Monday, 08/06/2007 - 11:22 p.m.
The Munch was 10 years old this weekend and I'm tickled as I can be that it lasted this long. My first marriage didn't last that long...heh. 16Candles brought me stargazers and a cake and I snotted up. She and I got to sit and talk for a bit at the dungeon and she said something that absolutely made my life. Not just my day, but my life. She said that instead of antidepressants she reads my blog because it makes her laugh and feel better. Holy shit, dude. I snotted up over that, too. I see the blog as just a big ol' whinefest some days and a big ol' porn movie other days. It was overwhelming to find out someone actually saw some depth or substance to my ramblings.
The Divine Miss M and CT came to the Munch! I hadn't seen them since right after Babyface was born and I snotted up on them, too. I was completely thrilled and flattered that they made the time to attend because I know it was killing the Divine Miss M to leave Babyface for that long.
The Boy met us at the dungeon and I beat the crap out of him. When he says "If I cry, take that as a red", I know it's going to be a helluva night. His back has squid whip marks and is mottled; his chest has scratches and bruises and one big honking bite mark. He teared up once so I asked him if he wanted to stop and he said no. The second time, though, he did want to stop and I almost pushed him a little farther than he wanted to go. It's a rare occasion these days when he wants to be the bottom (which is fine) but I'm always afraid I'll take him farther than he wants. I push him harder physically than I do DC because he's so muscular and built. I push DC harder psychologically, though, because the more I twist his brain the more I can hurt his body. The violence and brutality I feel towards the Boy scares the crap out of me sometimes. Just because I *can* push him til he collapses doesn't mean I *should*. We had mean evil sex when we got home and I came my brains out. I knew how bad his chest hurt and dug my nails in anyway. He called me a cunt and a bitch and snapped his teeth at me, and it just fueled me on. I wanted to make him cry again, dammit. He kept saying "Take me, Mistress" over and over, and that fueled me on as well. He very rarely says the M word so it's very powerful when he does. He jerked me off at the end and was talking all kinds of smack about how bad his chest hurt and how much he loved it and how much he loved me for it. Jesus Gawd. I bit him and he finally had to say "Stop! STOP!" before I let go.

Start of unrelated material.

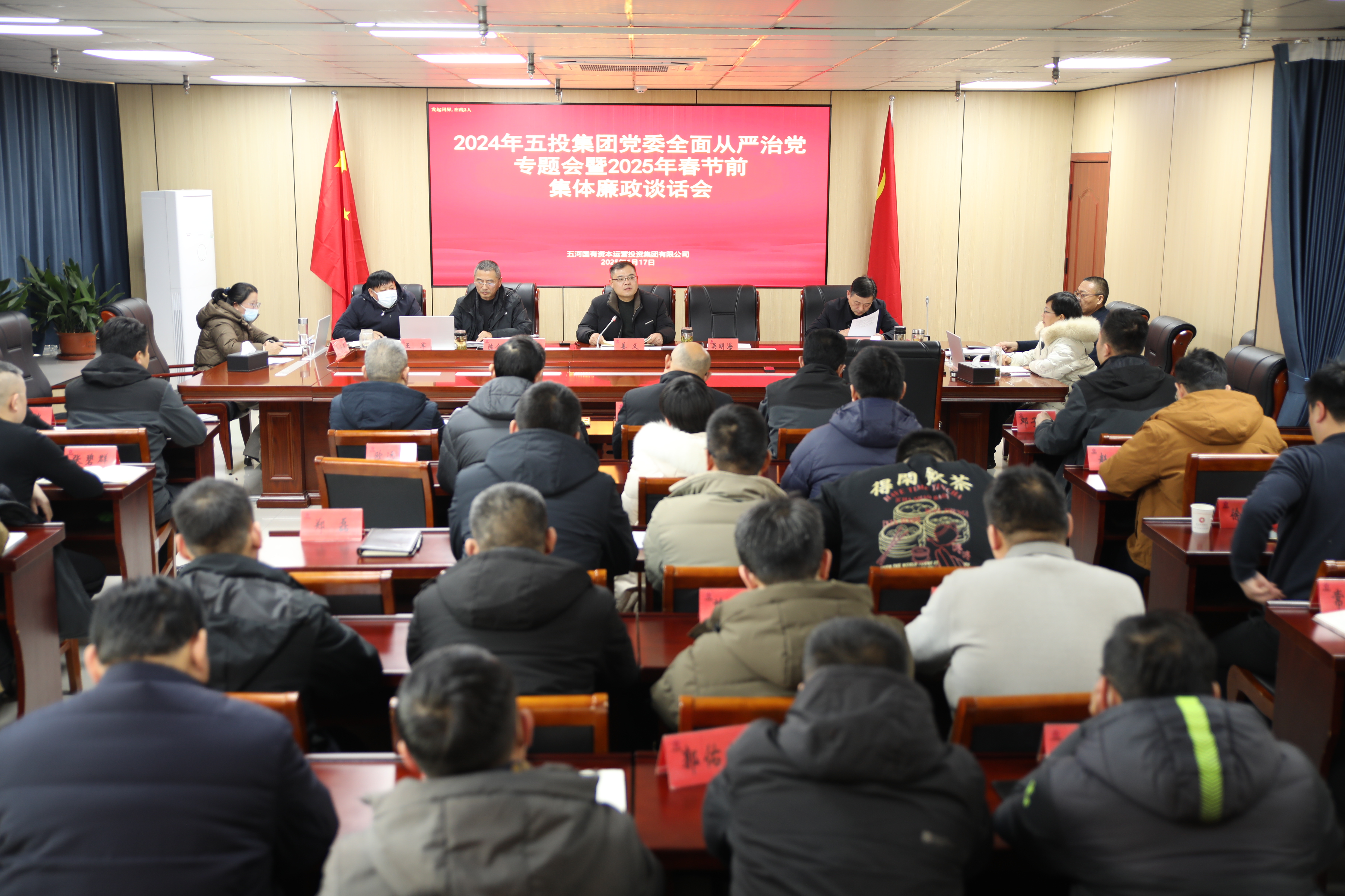 1月17日下午,2024年FUN乐天使官方网站集团党委全面从严治党专题会暨2025年春节前集体廉政谈话会在集团16楼第二会议室召开。集团公司领导班子成员、党委有关部门及各职能中心负责人、各党支部委员、管理公司与经营公司班子成员以及部分中层干部参加了此次会议。

I never played physically this hard with anyone other than DC and even after 3 years my capacity for violence still scares me. I never thought I'd find 1 person who would let me treat him this way, let alone 2. Especially 2 who revel in it and grovel for more. Especially 2 who can turn it around on me and treat me just as meanly as I do them. Holy fucking shit.
We were slugs on Sunday and I was grateful for it. Lazy Sundays really are the best times at our house(s). We ate lunch all piled up in my bed, chattering about nothing and laughing. We all napped a lot, too. YAY!
I took the plunge this weekend about hosting a women only party and got it worked out with the local dungeon peoples. I used to host parties like this all the time way back when and just stopped because it got to be too much of a hassle. It's 8 weeks away so I have plenty of time to get all my ducks in a row. I'm actually really excited about it and hope we have a huge turnout.
Which brings me to today...I have Top Drop in a big way so I was mostly stupid today. I survived Dr. Evil, though, and that's really all that matters. Early bed time tonight.